• ABOUT THIS TASK: Please copy exactly the part of the records below that opens with the line containing "phenylephrine HCl 10 mg" and closes with the line containing "Șase recipiente vrac, din", leaving out any pictures.

• DATA EXTRACTS:
####

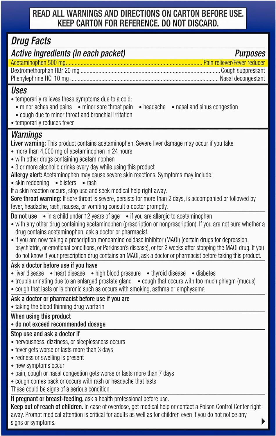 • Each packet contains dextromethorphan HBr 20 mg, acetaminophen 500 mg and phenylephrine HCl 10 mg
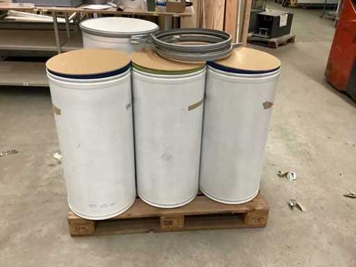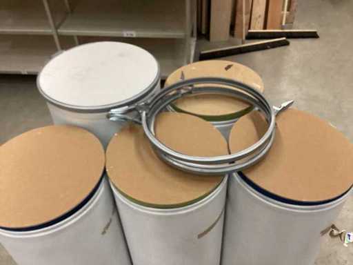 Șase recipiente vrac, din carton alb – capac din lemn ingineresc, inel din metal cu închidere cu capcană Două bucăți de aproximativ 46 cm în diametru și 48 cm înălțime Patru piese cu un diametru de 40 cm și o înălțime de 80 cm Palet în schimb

####

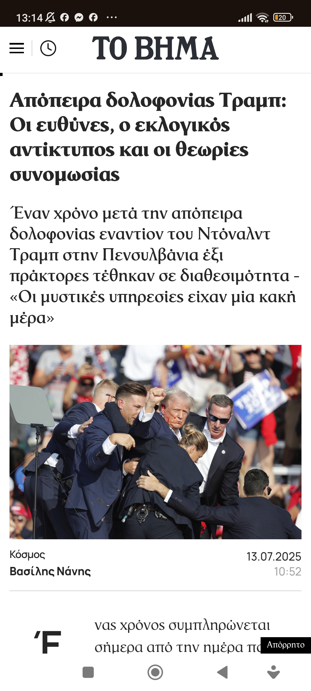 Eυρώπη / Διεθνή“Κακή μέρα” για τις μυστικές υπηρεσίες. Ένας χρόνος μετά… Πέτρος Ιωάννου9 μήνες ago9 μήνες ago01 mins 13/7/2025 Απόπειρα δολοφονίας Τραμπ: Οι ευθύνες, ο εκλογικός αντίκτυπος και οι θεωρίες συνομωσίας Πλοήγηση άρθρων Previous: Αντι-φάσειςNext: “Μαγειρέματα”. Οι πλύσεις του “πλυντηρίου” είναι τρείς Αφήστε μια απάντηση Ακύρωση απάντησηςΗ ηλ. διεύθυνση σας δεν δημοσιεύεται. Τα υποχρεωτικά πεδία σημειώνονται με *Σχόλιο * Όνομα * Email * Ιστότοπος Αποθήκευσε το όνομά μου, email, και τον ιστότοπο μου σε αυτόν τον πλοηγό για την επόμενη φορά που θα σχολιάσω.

####

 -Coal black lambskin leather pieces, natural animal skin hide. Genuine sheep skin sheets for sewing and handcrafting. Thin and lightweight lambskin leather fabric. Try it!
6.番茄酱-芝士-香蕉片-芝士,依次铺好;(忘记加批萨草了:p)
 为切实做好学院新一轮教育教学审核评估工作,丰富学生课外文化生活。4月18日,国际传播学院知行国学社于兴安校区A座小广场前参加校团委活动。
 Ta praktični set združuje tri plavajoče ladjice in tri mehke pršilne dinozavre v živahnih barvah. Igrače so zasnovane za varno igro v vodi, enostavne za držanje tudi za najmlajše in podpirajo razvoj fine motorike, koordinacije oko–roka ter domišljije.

####

• RESPONSE:
 • Each packet contains dextromethorphan HBr 20 mg, acetaminophen 500 mg and phenylephrine HCl 10 mg
 Șase recipiente vrac, din carton alb – capac din lemn ingineresc, inel din metal cu închidere cu capcană Două bucăți de aproximativ 46 cm în diametru și 48 cm înălțime Patru piese cu un diametru de 40 cm și o înălțime de 80 cm Palet în schimb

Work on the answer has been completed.